Shesh pushed against the glass with his hands. He had to escape this weird new hell. He pounded both of his fists against the glass.
He thickly gasped. The liquid chilled his teeth.
Once again…he had his right arm. It was there, just as solid as the other. But, something was different. Alarmed, Shesh studied the replaced limb. It was nothing like his real arm. There was something inorganic about it. It seemed to be crystalline in structure. Was that… plastic? The new arm had strange projections and shapes. It was made of something other.
The gaping craters in his chest and neck were covered in patches of the strange new material. The marker barbs were all gone. With his good hand he tenderly explored the new contours of the right side of his face. Faceted surfaces replaced his cheek and the yawning socket of his lost eye, but he could see his own hands clearly.
He heard the tinny broken voice through the thickness of the green gel, “Nanopod Compound fusion… hzzzt… hzzt… uction complete.”
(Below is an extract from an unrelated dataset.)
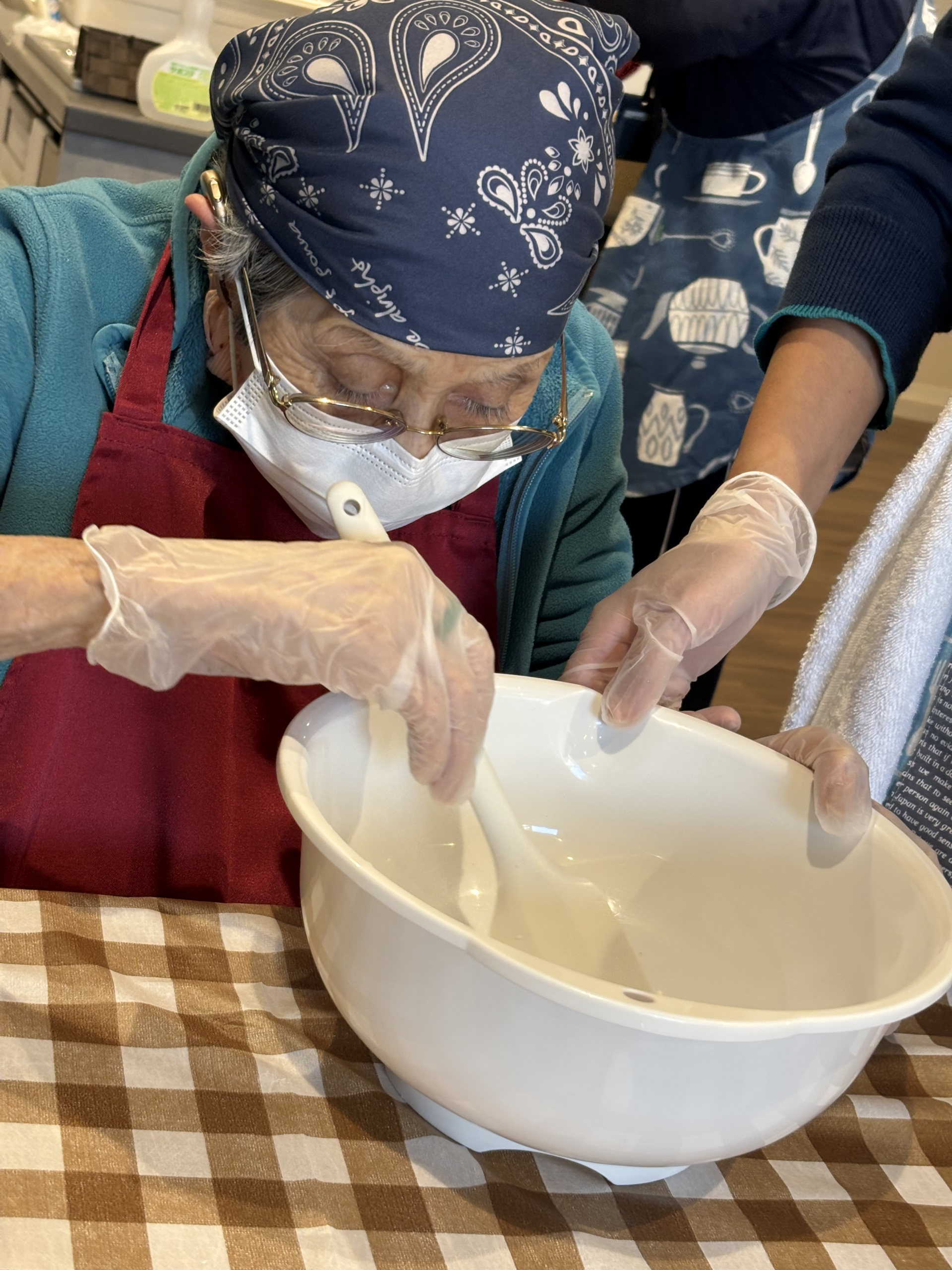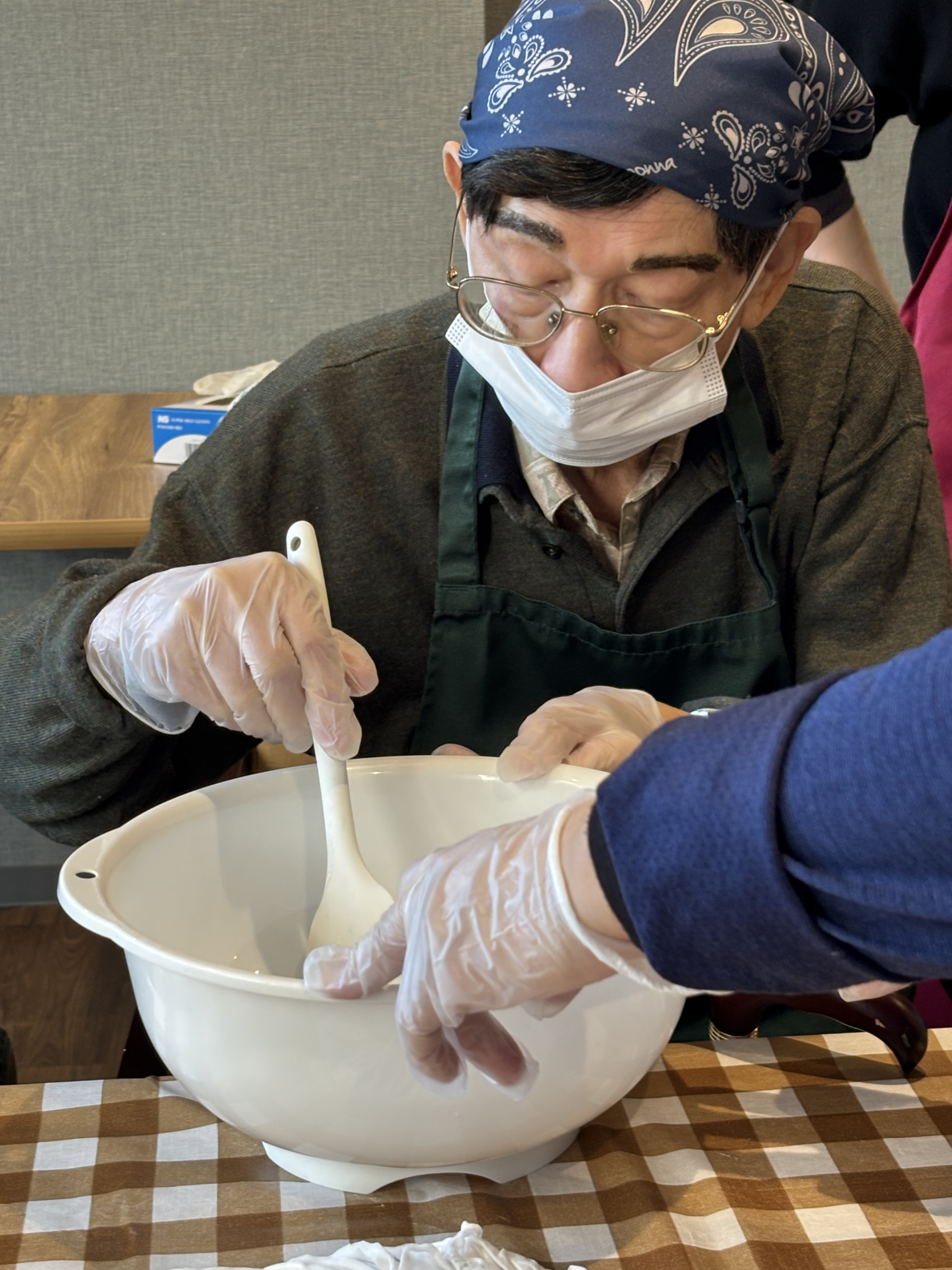 混ぜたり、練ったり、揉んだりと皆様力強く生地作りを頑張っています!

Shesh was startled when the many arms of the techno Shiva suddenly dipped into the fluid. He wrestled against their grip but to no avail. They smoothly removed him from the tank and delivered him onto the ground.
The liquid saturated his body. He fell to his knees and tried to cough. The green ooze came out of him in a slick tube as he vomited. By the time it hit the ground between his hands it had hardened and shattered like glass. The drops that fell from his body exploded like lotus petals into fibrous dust when they hit the floor.
Inside him he felt as though he was filled with maggots. He coughed and bits of the substance that made up his new arm and face launched from his lungs, like greyish snot.
To his horror the little clumps indeed coalesced into minute worms. They slithered and curled around the pieces of shattered green crystal.
Then…they seemed to consume the shards.